Summary: This paper analyzes dispersal in predator-prey systems, where the prey can move between a source and a sink patch and the predation interaction is described by the Holling II functional response. By applying dynamical systems theory, we present a complete study on persistence of the system, and show local/global stability of equilibria. Then we prove Hopf bifurcation in the system by computing Lyapunov coefficient, and show that dispersal could lead to results reversing those if non-dispersing. By explicit expressions of stable equilibria, we show that dispersal could make the prey approach total abundance larger than if non-dispersing, even larger than its carrying capacity when the predator persists. Asymmetry in dispersal could also lead to the results.
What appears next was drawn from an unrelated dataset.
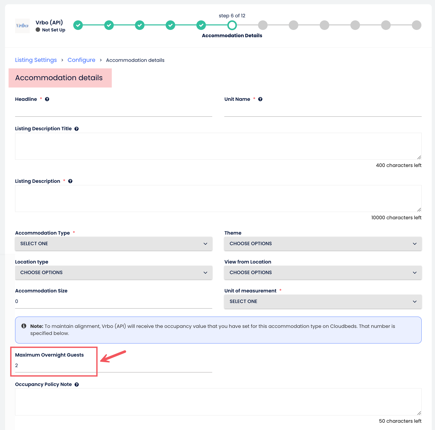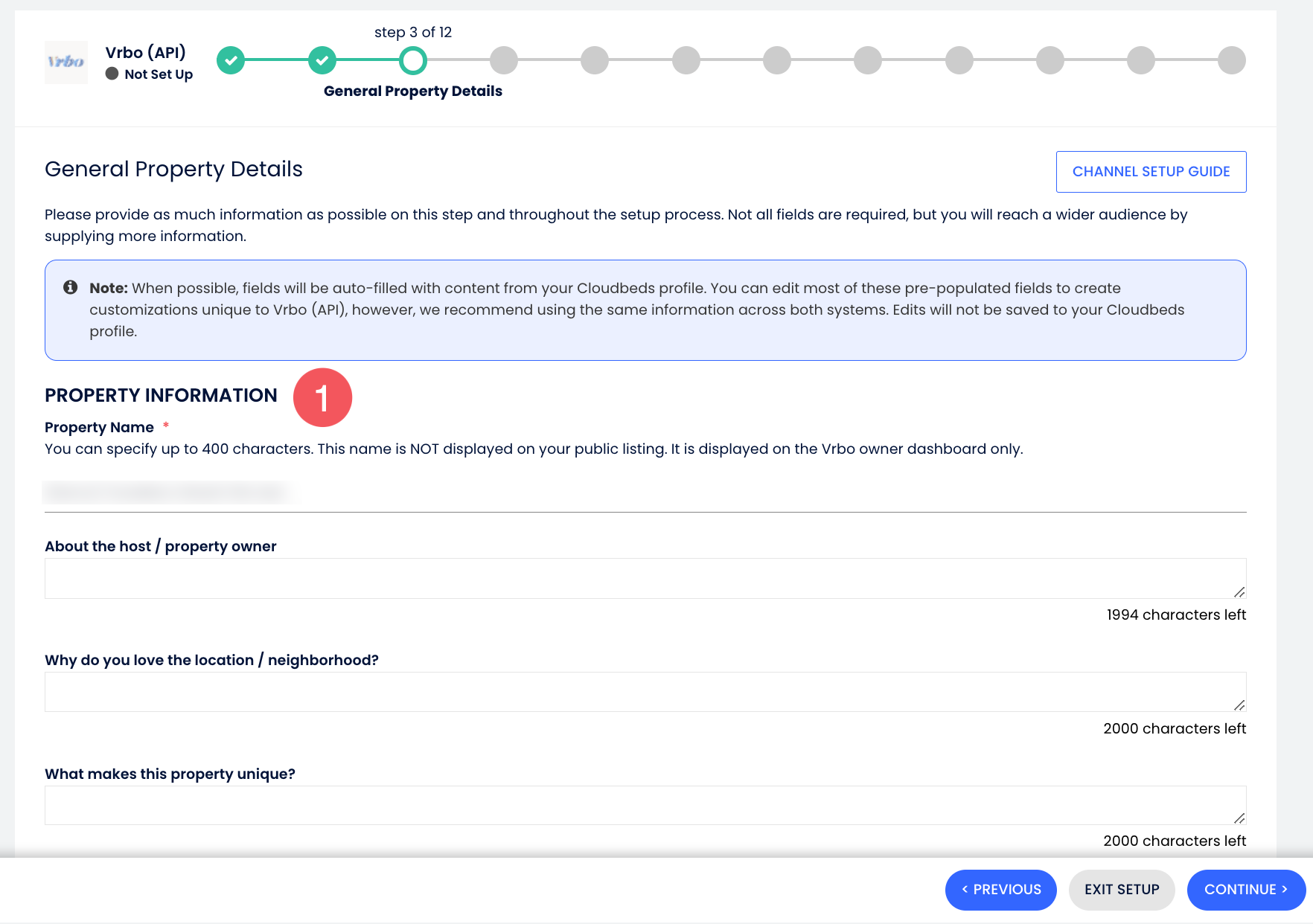 Puedes editar la mayoría de los campos completados previamente para crear personalizaciones de Vrbo (API). Recomendamos usar la misma información en ambos sistemas, ya que los cambios no se guardarán en tu perfil de Cloudbeds.

Total abundance of the prey is shown to be a distorted function (surface) of dispersal rates, which extends both previous theory and experimental observations. It is proven that there exists an optimal dispersal that drives the predator into extinction and makes the prey reach the maximal abundance. These results are biologically important in preserving endangered species.

MSC:

34C12 Monotone systems involving ordinary differential equations
34C28 Complex behavior and chaotic systems of ordinary differential equations
37G20 Hyperbolic singular points with homoclinic trajectories in dynamical systems
37N25 Dynamical systems in biology
92D25 Population dynamics (general)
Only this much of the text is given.